Berita Parlemen

Abdul Wachid Tinjau Pembangunan Sekolah Rakyat di Jepara, Progres Capai 50 Persen

WhatsApp Image 2026 05 02 at 09.16.42

JEPARA, Fraksigerindra.id — Wakil Ketua Komisi VIII DPR RI, Abdul Wachid, meninjau langsung pembangunan Sekolah Rakyat (SR) di Desa Suwawal Timur, Kecamatan Pakisaji, Kabupaten Jepara, Sabtu (2/5/2026). Dari hasil peninjauan, progres pembangunan proyek tersebut telah mencapai 50 persen dan dinilai berjalan sesuai jadwal.

Abdul Wachid mengatakan, kunjungan ini dilakukan untuk memastikan pembangunan tidak hanya tepat waktu, tetapi juga memenuhi standar kualitas yang ditetapkan. Sekolah Rakyat tersebut merupakan program di bawah Kementerian Sosial yang menjadi mitra kerja Komisi VIII DPR RI.

“Sekolah rakyat di bawah naungan Kementerian Sosial yang merupakan mitra kerja Komisi VIII, makanya kita turun langsung memantau progresnya. Saat ini, progresnya menggembirakan sesuai jadwal,” kata Abdul Wachid.

Ia menjelaskan, pembangunan Sekolah Rakyat di atas lahan seluas 10,2 hektare itu telah dimulai sejak Desember 2025 dengan target penyelesaian selama delapan bulan. Namun, dengan kondisi cuaca yang mendukung, proyek tersebut berpotensi rampung lebih cepat dari jadwal.

“Informasi pelaksana proyek, rampung Juni,” ujarnya.

Abdul Wachid menegaskan, Komisi VIII DPR RI akan terus melakukan pengawasan hingga pembangunan selesai dan sekolah siap beroperasi. Hal ini penting untuk memastikan program berjalan optimal dan tepat sasaran.

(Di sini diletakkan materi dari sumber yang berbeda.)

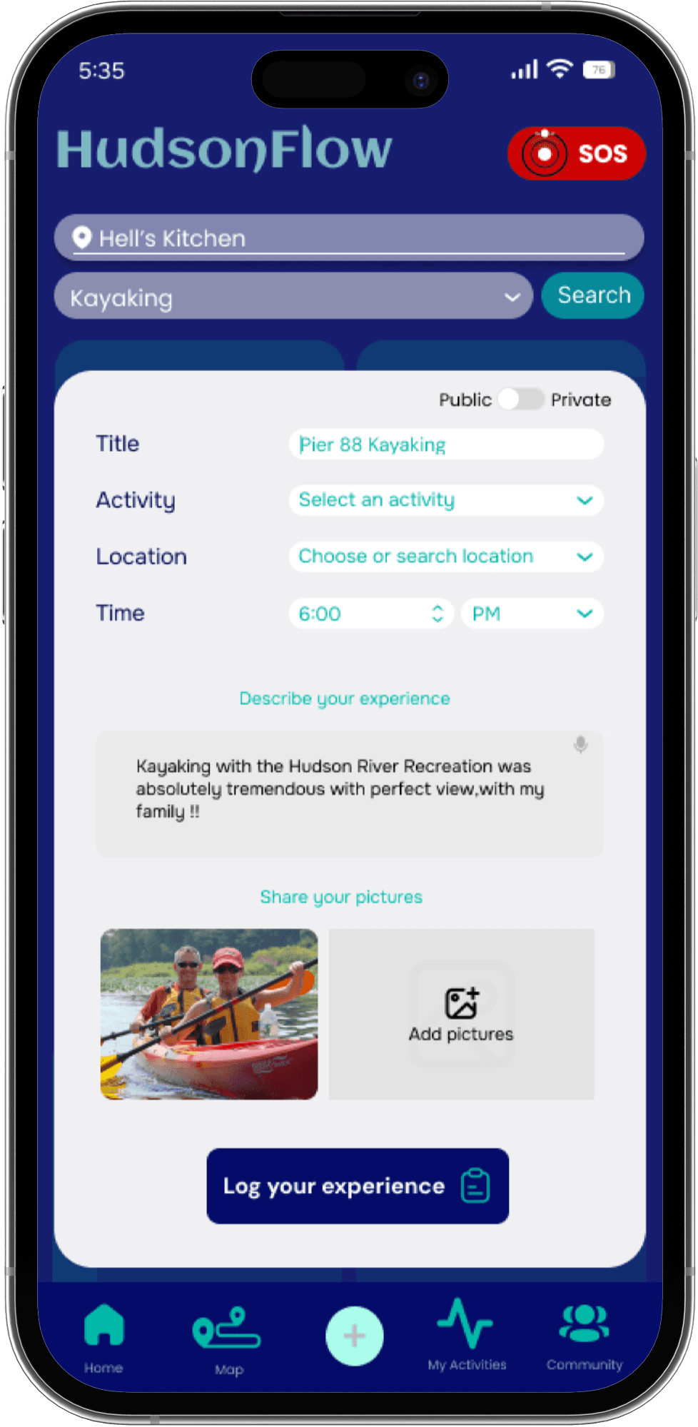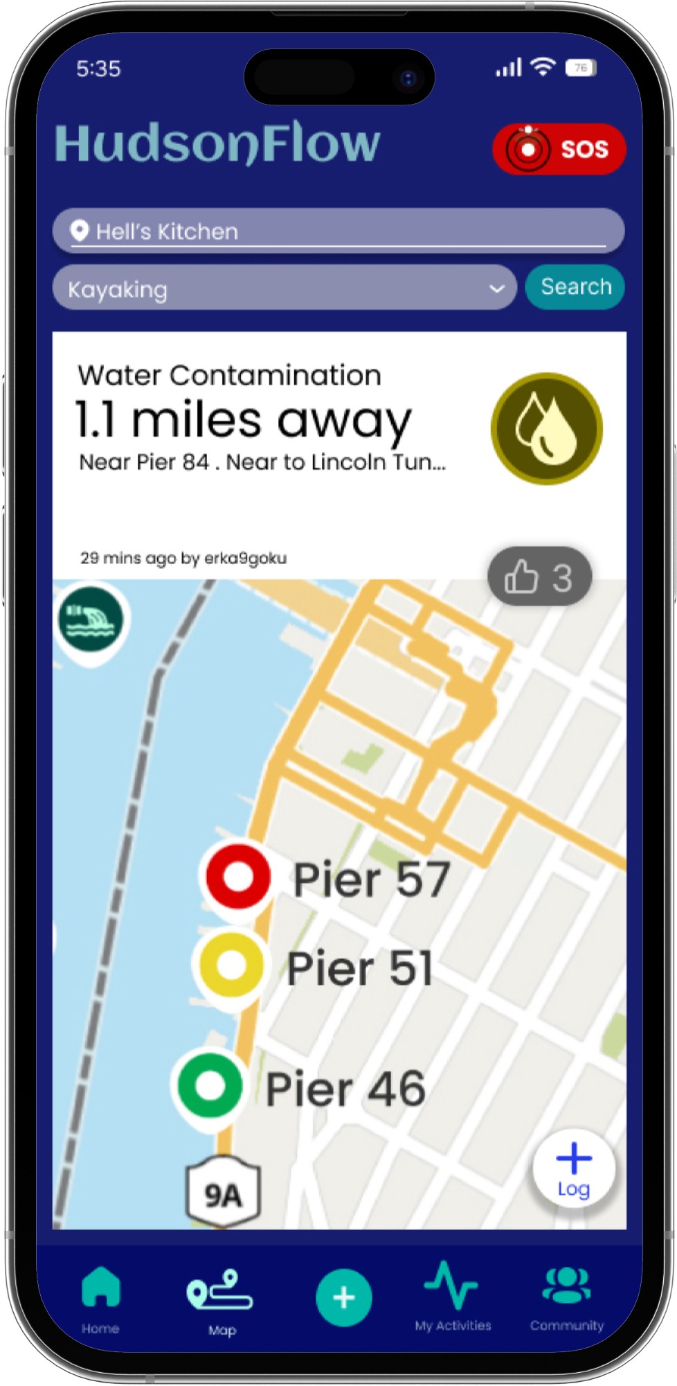 HudsonFlow is a water quality platform for Hudson River users, offering real-time updates, community insights, and intuitive tools for safe and informed recreation. This project highlights my user-centered design approach and focus on creating seamless, functional experiences.
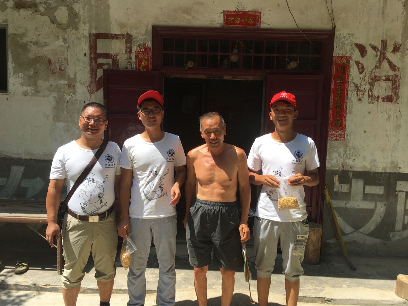 新乡组的成员赶至姚庄原阳县姚庄村的时候,已临近中午,七月的太阳毫不吝啬的炙烤着黄土大地。刚下车的队员们,一时间被热情的太阳晒得有点不适应,却不曾想王大叔这个时间还在忙碌。王叔还在收拾着自家的玉米,汗水在被晒得如红铜一样的脸上恣意的流着,直到队员上前搭讪,王叔才停下来,用挂在脖子上的毛巾擦了把汗。外表看似不言苟笑的王叔,笑起来也像被阳光渲染过一样,听了队员的自我介绍和表明来意之后,王叔笑着大手一指,对着刚打出来的玉米豪爽地说:“随便装!”
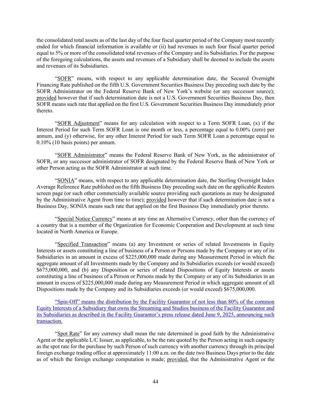 44 the consolidated total assets as of the last day of the four fiscal quarter period of the Company most recently ended for which financial information is available or (ii) had revenues in such four fiscal quarter period equal to 5% or more of the consolidated total revenues of the Company and its Subsidiaries. For the purpose of the foregoing calculations, the assets and revenues of a Subsidiary shall be deemed to include the assets and revenues of its Subsidiaries. “SOFR” means, with respect to any applicable determination date, the Secured Overnight Financing Rate published on the fifth U.S. Government Securities Business Day preceding such date by the SOFR Administrator on the Federal Reserve Bank of New York’s website (or any successor source); provided however that if such determination date is not a U.S. Government Securities Business Day, then SOFR means such rate that applied on the first U.S. Government Securities Business Day immediately prior thereto. “SOFR Adjustment” means for any calculation with respect to a Term SOFR Loan, (x) if the Interest Period for such Term SOFR Loan is one month or less, a percentage equal to 0.00% (zero) per annum, and (y) otherwise, for any other Interest Period for such Term SOFR Loan a percentage equal to 0.10% (10 basis points) per annum. “SOFR Administrator” means the Federal Reserve Bank of New York, as the administrator of SOFR, or any successor administrator of SOFR designated by the Federal Reserve Bank of New York or other Person acting as the SOFR Administrator at such time. “SONIA” means, with respect to any applicable determination date, the Sterling Overnight Index Average Reference Rate published on the fifth Business Day preceding such date on the applicable Reuters screen page (or such other commercially available source providing such quotations as may be designated by the Administrative Agent from time to time); provided however that if such determination date is not a Business Day, SONIA means such rate that applied on the first Business Day immediately prior thereto. “Special Notice Currency” means at any time an Alternative Currency, other than the currency of a country that is a member of the Organization for Economic Cooperation and Development at such time located in North America or Europe. “Specified Transaction” means (a) any Investment or series of related Investments in Equity Interests or assets constituting a line of business of a Person or Persons made by the Company or any of its Subsidiaries in an amount in excess of $225,000,000 made during any Measurement Period in which the aggregate amount of all Investments made by the Company and its Subsidiaries exceeds (or would exceed) $675,000,000, and (b) any Disposition or series of related Dispositions of Equity Interests or assets constituting a line of business of a Person or Persons made by the Company or any of its Subsidiaries in an amount in excess of $225,000,000 made during any Measurement Period in which aggregate amount of all Dispositions made by the Company and its Subsidiaries exceeds (or would exceed) $675,000,000. “Spin-Off” means the distribution by the Facility Guarantor of not less than 80% of the common Equity Interests of a Subsidiary that owns the Streaming and Studios business of the Facility Guarantor and its Subsidiaries as described in the Facility Guarantor’s press release dated June 9, 2025, announcing such transaction. “Spot Rate” for any currency shall mean the rate determined in good faith by the Administrative Agent or the applicable L/C Issuer, as applicable, to be the rate quoted by the Person acting in such capacity as the spot rate for the purchase by such Person of such currency with another currency through its principal foreign exchange trading office at approximately 11:00 a.m. on the date two Business Days prior to the date as of which the foreign exchange computation is made; provided, that the Administrative Agent or the
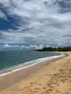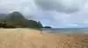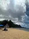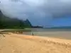 We came in October and it was rainy and overcast. There were rip warning signs on the beach but still quite a few snorkelers out there. There's no vendors on the beach though so you'll have to bring your own gear. It's nice seeing the mountains in the background with clouds covering the tips, but otherwise the beach is nothing special. The sand is yellow and coarse and the water isn't picture perfect pristine. And the drive here (from Princeville) isn't amazing. It's narrow, windy and just goes through forestry, so you don't get a nice coastal drive that I would have expected.

Sekolah Rakyat Suwawal Timur dirancang sebagai sekolah berasrama dengan fasilitas lengkap. Terdapat 27 gedung yang dibangun, meliputi ruang belajar, asrama, gedung olahraga, ruang pertemuan, tempat ibadah, dapur, serta ruang terbuka hijau dan fasilitas pendukung lainnya.

Ia juga menekankan bahwa Sekolah Rakyat diperuntukkan bagi anak-anak dari keluarga desil 1 (sangat miskin) dan desil 2 (miskin), sebagai bagian dari upaya pemerintah dalam mengurangi angka kemiskinan.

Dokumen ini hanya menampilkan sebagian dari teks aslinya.